Murder charges withdrawn against Marikana activist and five others

22 May 2018 - 16:26
By Ernest Mabuza
Marikana housing activist Napoleon Webster, who was detained for 202 days, after being granted bail.
Image: Masi Losi Marikana housing activist Napoleon Webster, who was detained for 202 days, after being granted bail.

The North West High Court on Tuesday discharged Marikana housing and land rights activist Napoleon Webster.

Judge Ronnie Hendricks found Webster‚ and five other accused‚ not guilty of murdering Petrus Sabata‚ who was killed at Marikana on December 8 2016.

The others are Mdlondozi Fundiwo‚ Aphindile Pungone‚ Gift Luveli‚ Nkululeko Msithwa‚ Luvo Soyizwaphi

The Socio-Economic Rights Institute of South Africa (SERI) represented Webster during the trial.

The court discharged the six and found them not guilty after the prosecution failed to produce any evidence that linked them to the death of Sabata.

Prosecutors ultimately conceded that Webster was entitled to an acquittal‚ and accepted that the State had failed to “establish [Webster’s] involvement” in the murder.

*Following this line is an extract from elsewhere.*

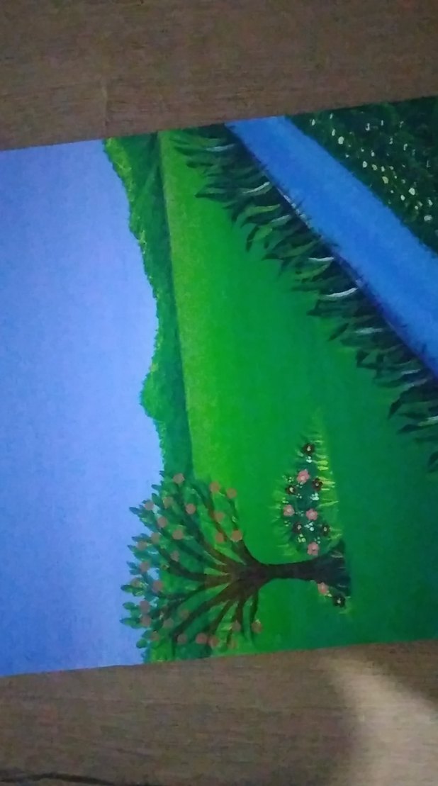 Bu tablo koyu yeşil bir doğa manzarası, ağaç, çiçekler ve mavi gökyüzü içerir. Sahne huzurlu ve canlıdır.

The State also accepted that the witnesses who had implicated Webster had testified out of malice and lacked any credibility.

Despite there being no evidence that Webster had committed any offence‚ he was detained in a Rustenburg prison in 2017 for over 202 days after the Rustenburg Magistrate’s Court refused his bail application.

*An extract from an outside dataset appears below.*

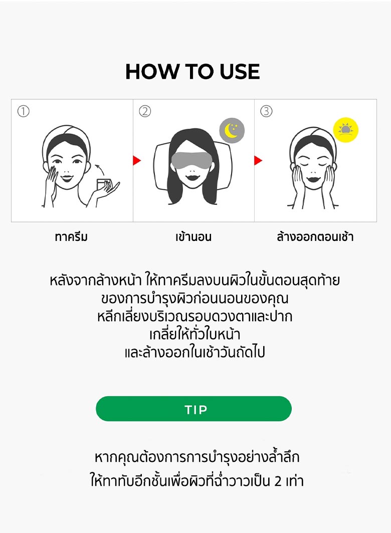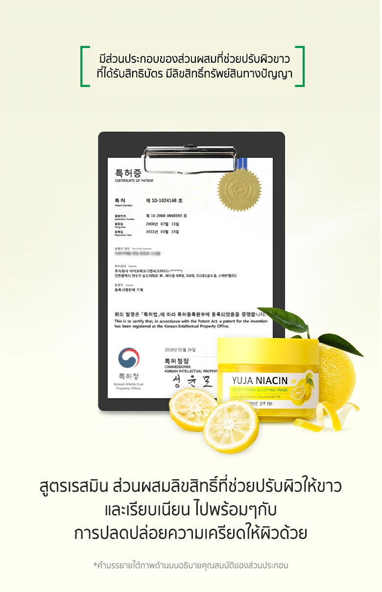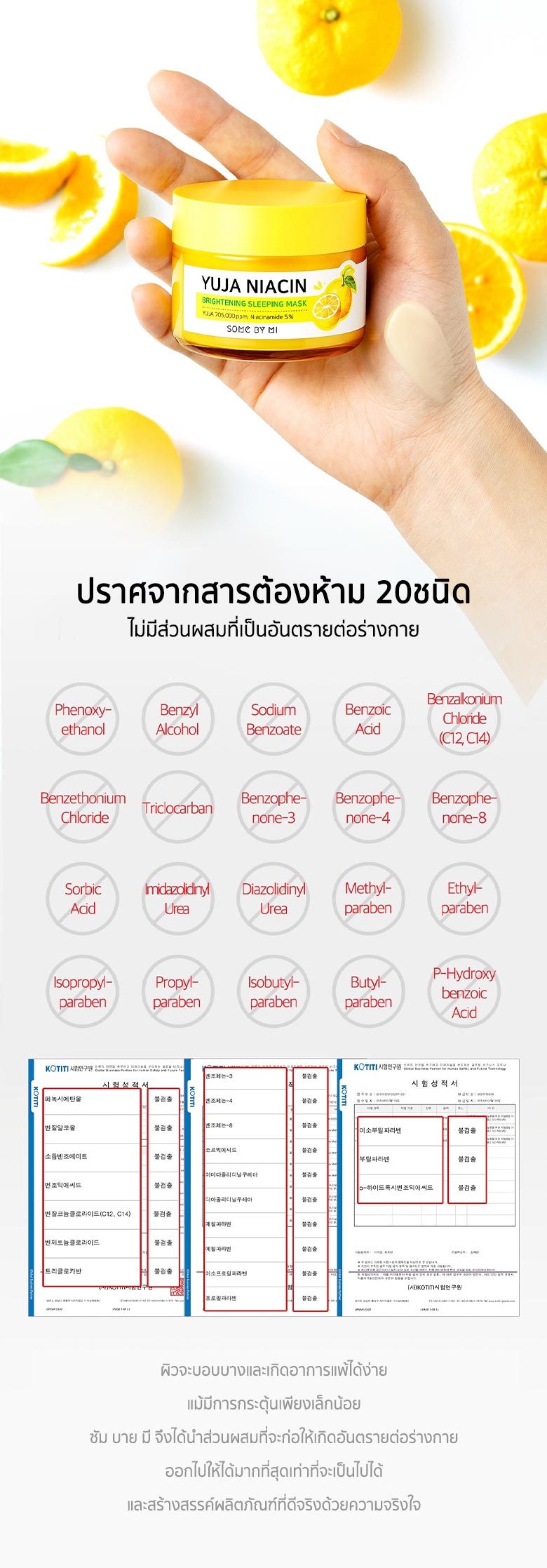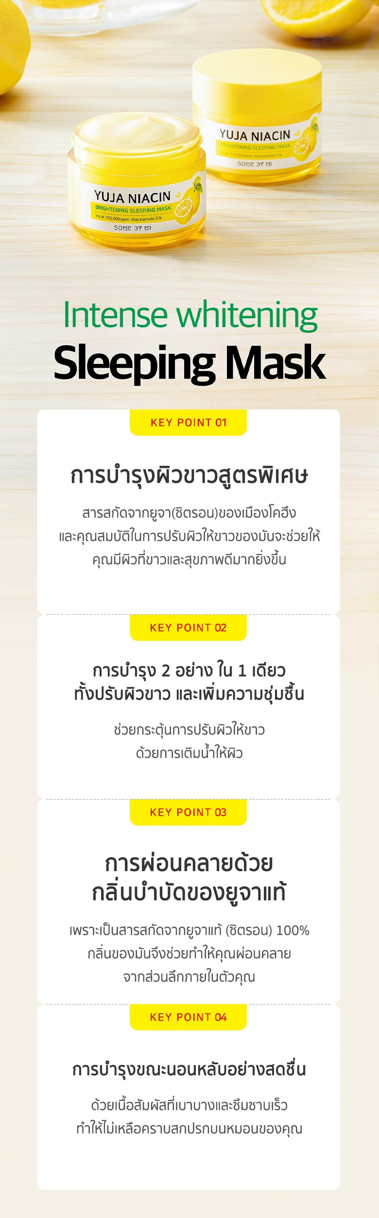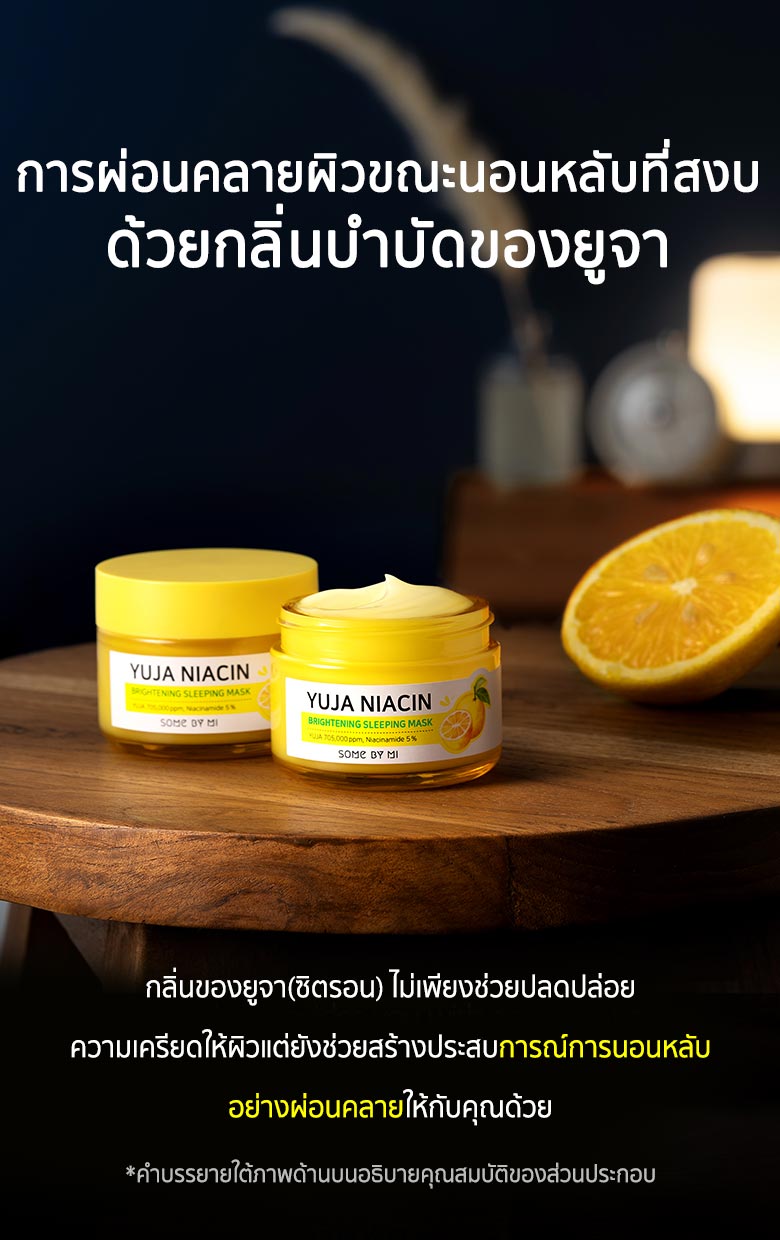 SOME BY MI YUJA NIACIN 30DAYS MIRACLE BRIGHTENING SLEEPING MASK 15Gมาส์กปรับสภาพผิวใหม่จาก ซัม บาย มี สวยใสหลังตื่นนอนด้วยส่วนผสมหลักจาก ส้มยูจา 70% ของเมืองโคฮึงช่วยปรับสภาพผิวได้แบบ 2 IN 1ทั้งปรับสภาพผิวให้ขาวกระจ่างใส และเพิ่มความชุ่มชื้นให้ผิวกลิ่นของยูจายังช่วยให้คุณผ่อนคลาย เนื้อครีมซึมซาบเร็วบางเบา สดชื่น ไม่เหนียวเหนอะหนะ ปริมาณสุทธิ 15 กรัม

Throughout the bail proceedings and the trial‚ there was strong evidence that Webster had been arrested because of his community-based activism in Marikana and not on the basis of any reasonable suspicion that he had committed an offence.

Lindokuhle Mdabe‚ an attorney at SERI who acted for Webster‚ said the state’s failure to produce any evidence linking Webster to the murder was a clear indication that the prosecution had been brought‚ not to punish crime‚ but to stifle legitimate dissent in Marikana.

“The prosecution‚ and the way it has been pursued‚ is yet another example of the abuse of the criminal justice system in aid of silencing the real and legitimate grievances of people living in poor communities across South Africa‚” Mdabe said.